The rate at which data is being generated in our world today is growing at an astounding rate—think structured data, unstructured text-based content, sensor data, weblogs, social data, and so much more. Analysts forecast that every two years, the amount of information created is doubling and size of data are sets increasing. The Internet of Things is expected to create over 400 zettabytes of data by 2018, according to v3 technology news. Of course, the data is only as good as the insights it provides and the incremental value derived from it.
Do you know the best way to visualize your data? How do you quickly go from terabytes of data to a visually appealing dashboard to explore that data? With Big Data, this is an even bigger challenge. For everyday business users who aren’t well versed in the “rules” of analytics, the task can be monumental.
Needless to say, it is absolutely essential to transform data into the right visualizations so users can gain deeper insights and make better decisions.
In academia, smart analytics is defined as the process of collecting and analyzing data to help businesses make better decisions about their products, and services. However, people in business will tell you that it’s really about having the right information, at the right time, and in the right format to enable executives to make informed decisions.

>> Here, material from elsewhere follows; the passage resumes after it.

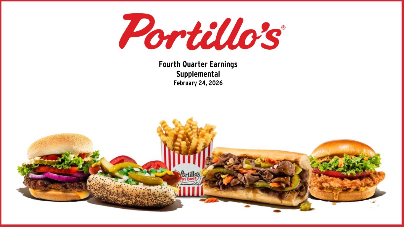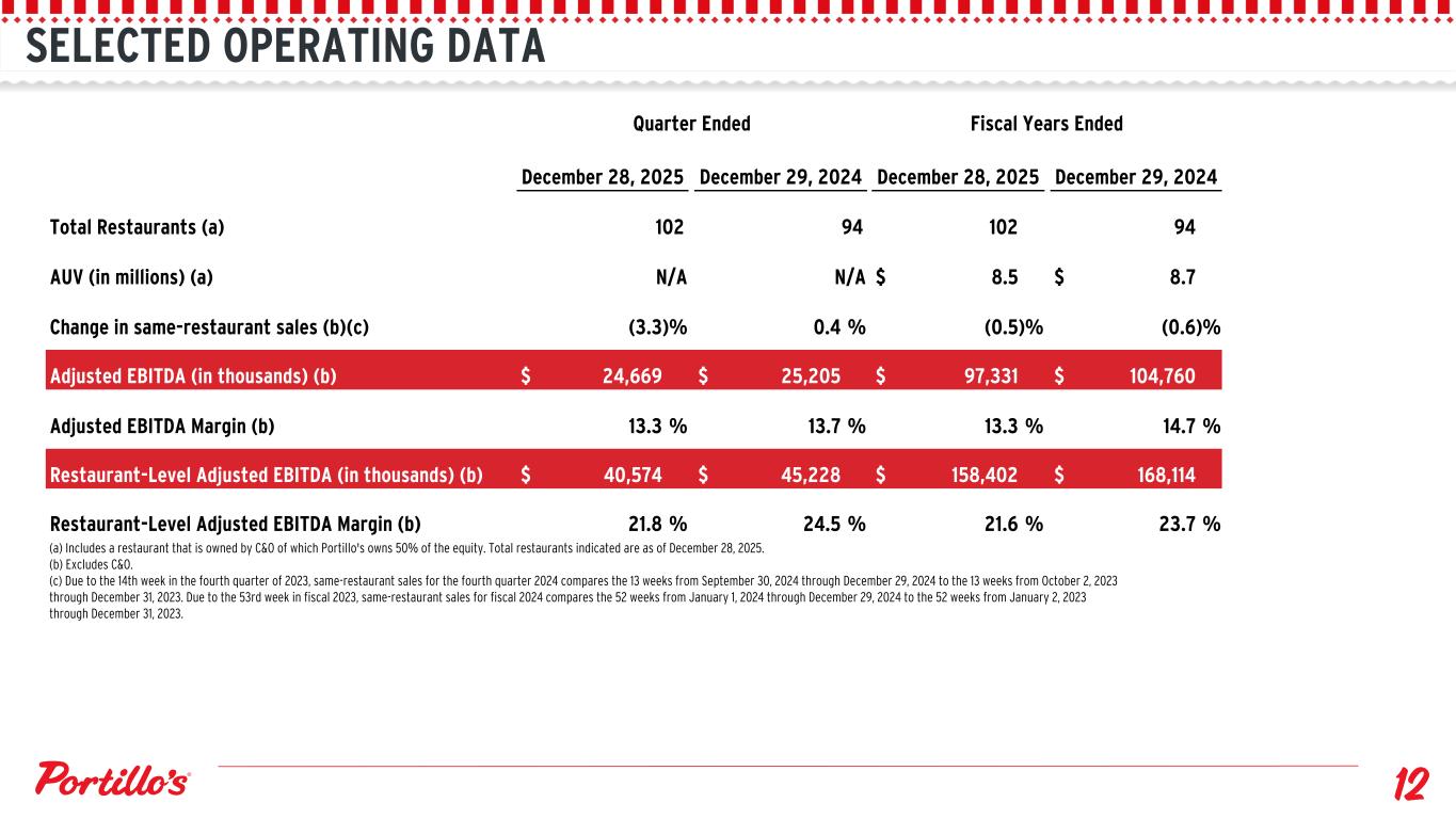 SELECTED OPERATING DATA (a) Includes a restaurant that is owned by C&O of which Portillo's owns 50% of the equity. Total restaurants indicated are as of December 28, 2025. (b) Excludes C&O. (c) Due to the 14th week in the fourth quarter of 2023, same-restaurant sales for the fourth quarter 2024 compares the 13 weeks from September 30, 2024 through December 29, 2024 to the 13 weeks from October 2, 2023 through December 31, 2023. Due to the 53rd week in fiscal 2023, same-restaurant sales for fiscal 2024 compares the 52 weeks from January 1, 2024 through December 29, 2024 to the 52 weeks from January 2, 2023 through December 31, 2023. Quarter Ended Fiscal Years Ended December 28, 2025 December 29, 2024 December 28, 2025 December 29, 2024 Total Restaurants (a) 102 94 102 94 AUV (in millions) (a) N/A N/A $ 8.5 $ 8.7 Change in same-restaurant sales (b)(c) (3.3) % 0.4 % (0.5) % (0.6) % Adjusted EBITDA (in thousands) (b) $ 24,669 $ 25,205 $ 97,331 $ 104,760 Adjusted EBITDA Margin (b) 13.3 % 13.7 % 13.3 % 14.7 % Restaurant-Level Adjusted EBITDA (in thousands) (b) $ 40,574 $ 45,228 $ 158,402 $ 168,114 Restaurant-Level Adjusted EBITDA Margin (b) 21.8 % 24.5 % 21.6 % 23.7 %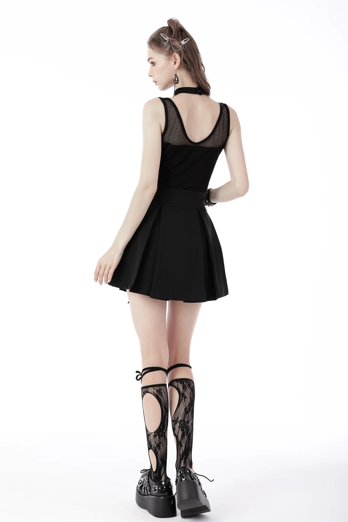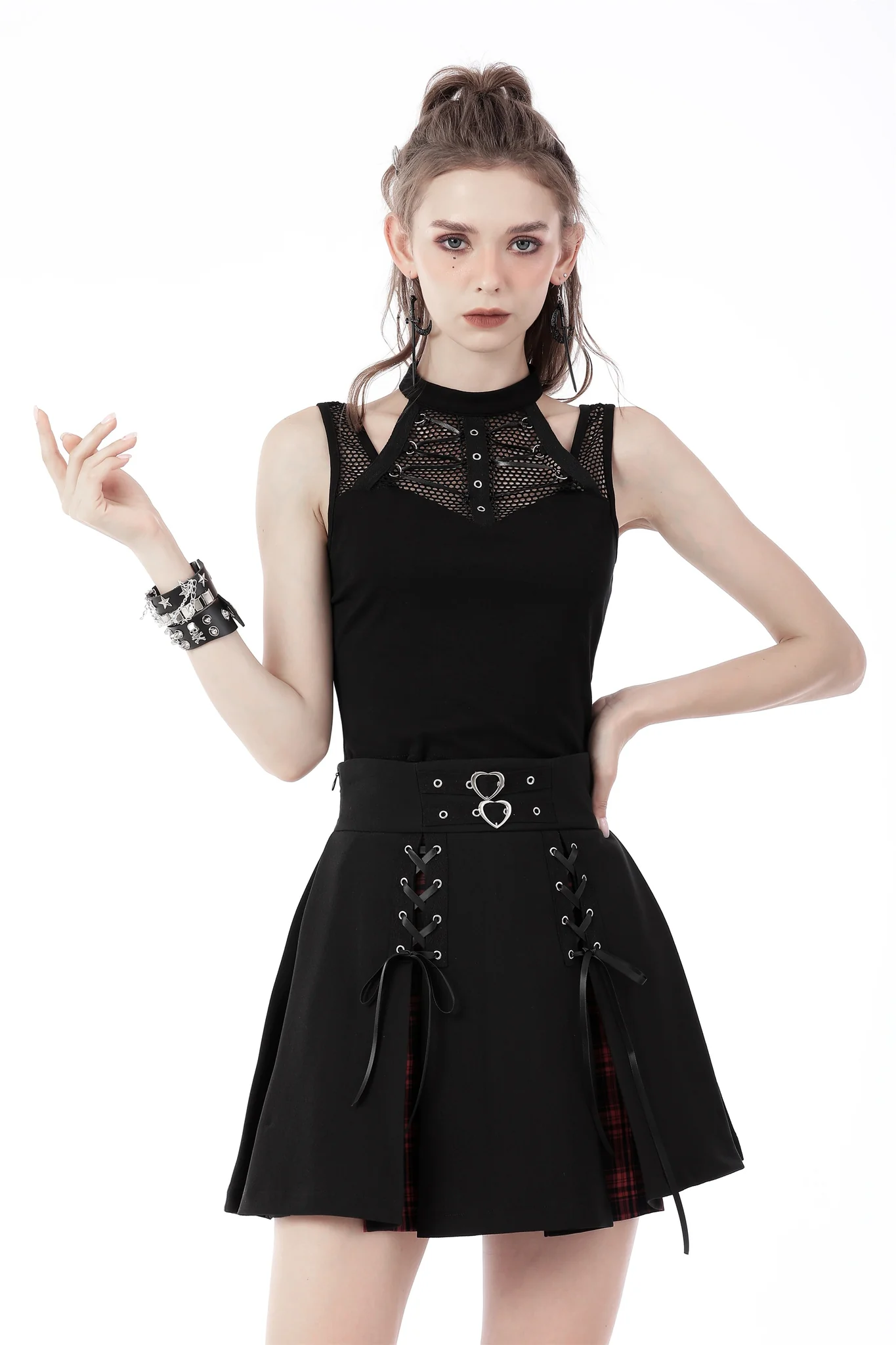 Ce top ajusté au style punk moderne combine tissu opaque et empiècements en résille pour un contraste percutant. Doté d’un col ras-du-cou avec fermeture bouton et d’un laçage ornemental à œillets sur le devant, il offre un look affirmé et structuré. Léger et près du corps, ce haut est parfait pour composer une tenue alternative originale tout en restant confortable.

Let’s look at some ways to represent data:
- Tabular data: When you need to know exact numbers presented in rows and columns with summary information, a tabular format can be the way to go. However, it is not conducive to helping the reader find trends and interpret large sets of data.
- Charts: Bar graphs, pie charts, and line charts offer the ability to compare data over time and analyze trends.
- Histograms: Understand frequency distribution—showing the number of observations for a particular variable at a given interval.
- Scatter plots: The scatter plot shows correlation between two variables and how they track against one another—directly or inversely.
- Cartograms: For geographical and geospatial information, a cartogram is frequently used for comparison of a variable across a map or layout.
These are just a few examples of the options available to an analytics user. However, for non-analytics experts, discerning the right type of data visualization to select can be very time-consuming and daunting.
Spotfire 7 offers new, built-in intelligence that makes suggestions on the most appropriate visualization to best represent your data. This smart wizard does all the background work so you don’t have to—making it easier and faster for the end user to be effective in their analytics process. As you select more data, recommended graph or chart selections update automatically to reflect best practices for your chosen data, so there is no time wasted in trial and error.
With Spotfire 7, even non-expert analytics users can become a “data hero” and impress their audience with awesome visualizations.